--- Task ---
Leaving out all pictures, give again each line exactly, from the start of the listing through the line that contains "Камины из металла, решетки".

--- Data excerpt ---
= Beginning of Section =
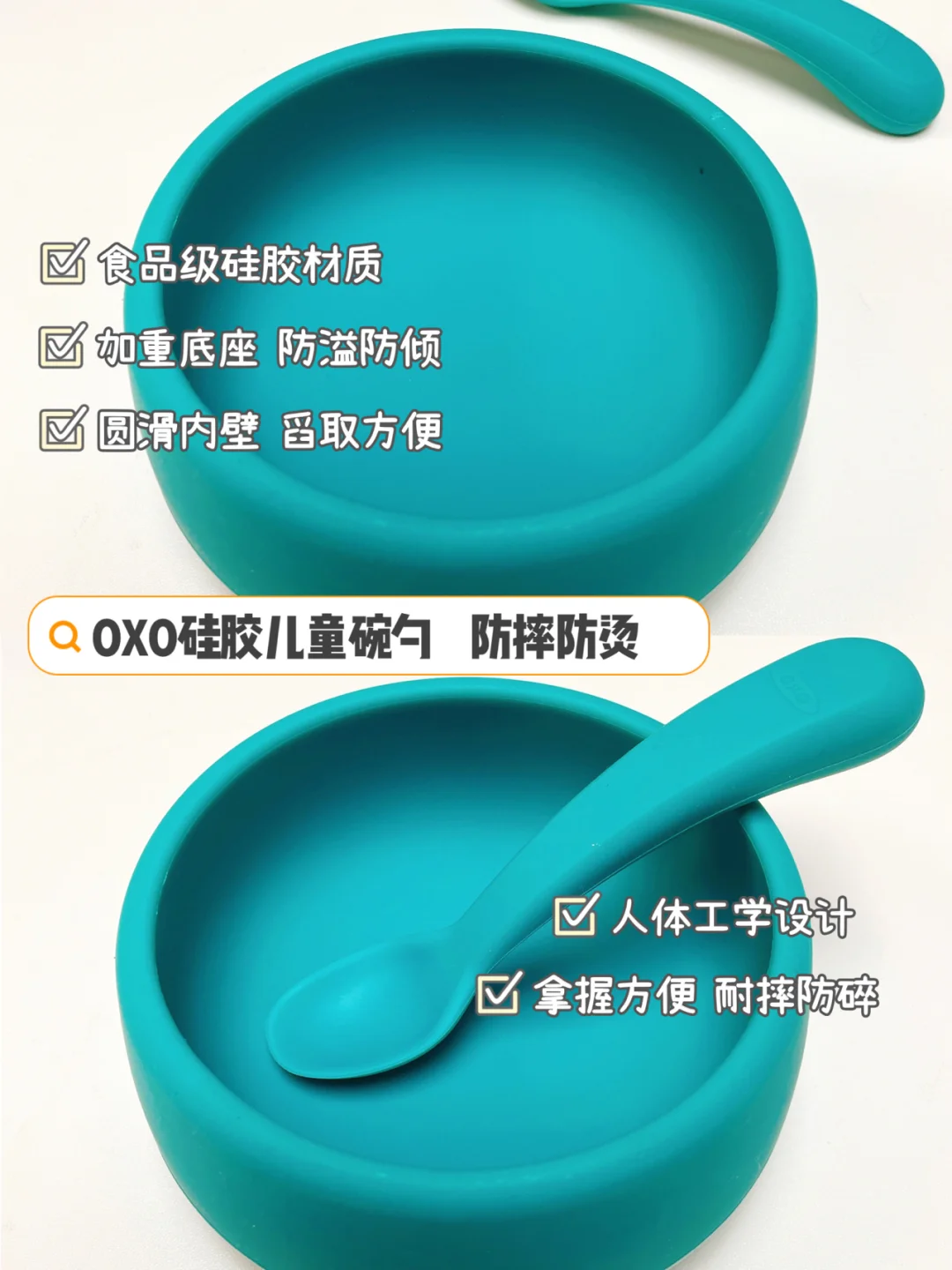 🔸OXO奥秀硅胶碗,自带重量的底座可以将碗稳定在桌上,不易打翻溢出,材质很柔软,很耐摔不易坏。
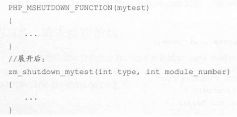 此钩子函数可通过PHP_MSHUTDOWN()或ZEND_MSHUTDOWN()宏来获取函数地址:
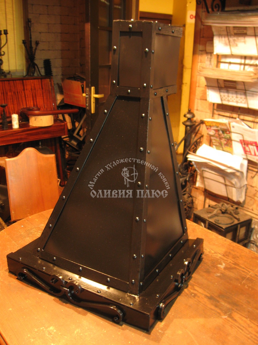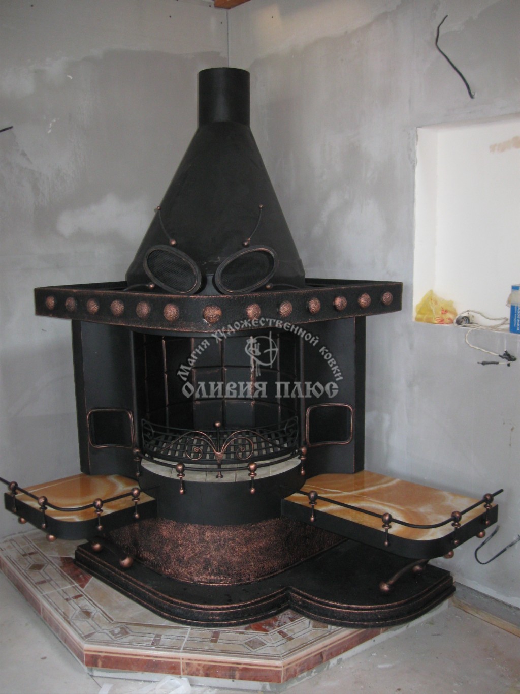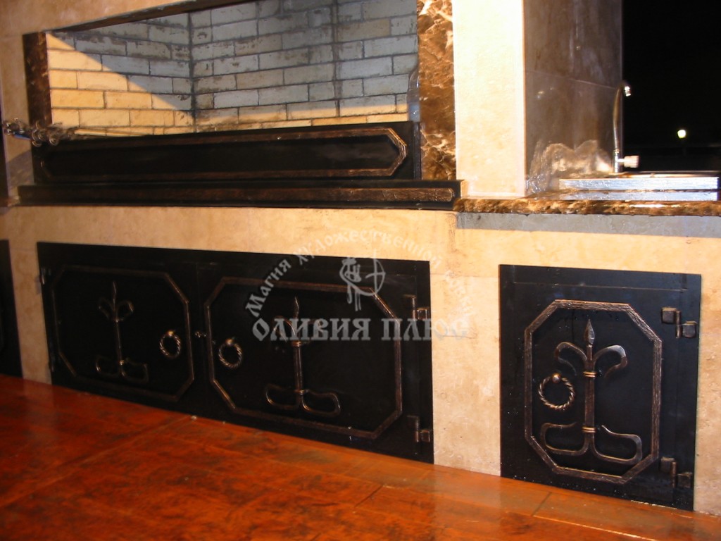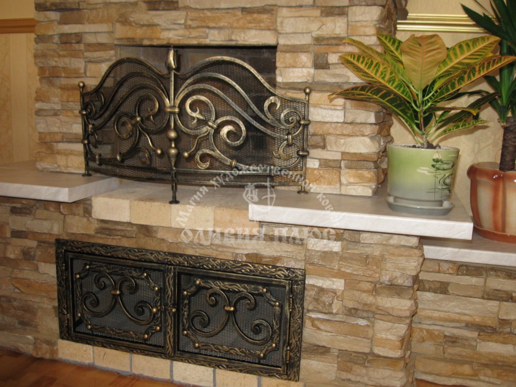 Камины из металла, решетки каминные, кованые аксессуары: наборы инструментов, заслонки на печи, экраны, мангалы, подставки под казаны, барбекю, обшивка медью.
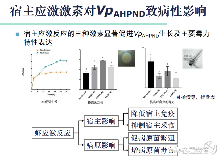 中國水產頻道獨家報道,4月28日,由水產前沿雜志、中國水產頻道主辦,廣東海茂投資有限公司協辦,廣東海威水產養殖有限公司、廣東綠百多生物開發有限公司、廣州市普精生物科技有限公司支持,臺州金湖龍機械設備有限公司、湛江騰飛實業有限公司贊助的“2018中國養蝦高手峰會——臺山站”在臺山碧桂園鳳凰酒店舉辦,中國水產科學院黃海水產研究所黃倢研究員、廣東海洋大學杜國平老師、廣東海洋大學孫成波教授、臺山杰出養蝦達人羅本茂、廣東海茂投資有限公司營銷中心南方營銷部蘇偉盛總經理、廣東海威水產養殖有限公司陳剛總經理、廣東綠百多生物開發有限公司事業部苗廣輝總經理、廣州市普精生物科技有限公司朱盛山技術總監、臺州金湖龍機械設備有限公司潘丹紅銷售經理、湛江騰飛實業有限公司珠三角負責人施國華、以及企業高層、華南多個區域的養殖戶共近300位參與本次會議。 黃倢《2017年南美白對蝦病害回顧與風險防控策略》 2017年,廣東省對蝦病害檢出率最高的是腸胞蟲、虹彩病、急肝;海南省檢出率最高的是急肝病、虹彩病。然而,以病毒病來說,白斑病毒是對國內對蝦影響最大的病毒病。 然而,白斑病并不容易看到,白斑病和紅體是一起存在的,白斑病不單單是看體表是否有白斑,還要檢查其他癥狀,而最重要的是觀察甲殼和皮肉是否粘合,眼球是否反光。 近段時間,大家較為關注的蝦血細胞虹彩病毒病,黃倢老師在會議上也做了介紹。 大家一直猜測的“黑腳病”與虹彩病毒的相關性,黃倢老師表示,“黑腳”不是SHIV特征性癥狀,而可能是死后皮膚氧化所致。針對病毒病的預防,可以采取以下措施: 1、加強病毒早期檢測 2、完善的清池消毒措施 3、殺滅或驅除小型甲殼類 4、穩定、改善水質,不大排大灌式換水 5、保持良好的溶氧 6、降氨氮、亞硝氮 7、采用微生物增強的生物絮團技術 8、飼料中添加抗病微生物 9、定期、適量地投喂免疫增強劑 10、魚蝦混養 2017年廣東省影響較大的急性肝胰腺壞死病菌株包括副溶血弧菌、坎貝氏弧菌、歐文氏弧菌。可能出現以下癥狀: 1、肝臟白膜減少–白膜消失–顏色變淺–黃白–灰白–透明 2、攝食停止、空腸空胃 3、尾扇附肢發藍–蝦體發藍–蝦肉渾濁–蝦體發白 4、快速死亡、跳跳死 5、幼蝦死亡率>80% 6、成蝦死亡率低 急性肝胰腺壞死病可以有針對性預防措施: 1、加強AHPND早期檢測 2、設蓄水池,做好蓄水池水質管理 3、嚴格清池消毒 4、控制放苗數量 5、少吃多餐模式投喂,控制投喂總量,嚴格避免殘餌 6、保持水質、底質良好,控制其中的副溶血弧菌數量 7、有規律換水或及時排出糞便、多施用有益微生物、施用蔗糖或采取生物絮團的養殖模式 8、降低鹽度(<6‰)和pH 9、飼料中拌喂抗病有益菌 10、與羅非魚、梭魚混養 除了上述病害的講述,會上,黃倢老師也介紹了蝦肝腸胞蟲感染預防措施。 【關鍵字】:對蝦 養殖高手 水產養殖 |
= End of Section =
--- Exercise output ---
 🔸OXO奥秀硅胶碗,自带重量的底座可以将碗稳定在桌上,不易打翻溢出,材质很柔软,很耐摔不易坏。
 此钩子函数可通过PHP_MSHUTDOWN()或ZEND_MSHUTDOWN()宏来获取函数地址:
 Камины из металла, решетки каминные, кованые аксессуары: наборы инструментов, заслонки на печи, экраны, мангалы, подставки под казаны, барбекю, обшивка медью.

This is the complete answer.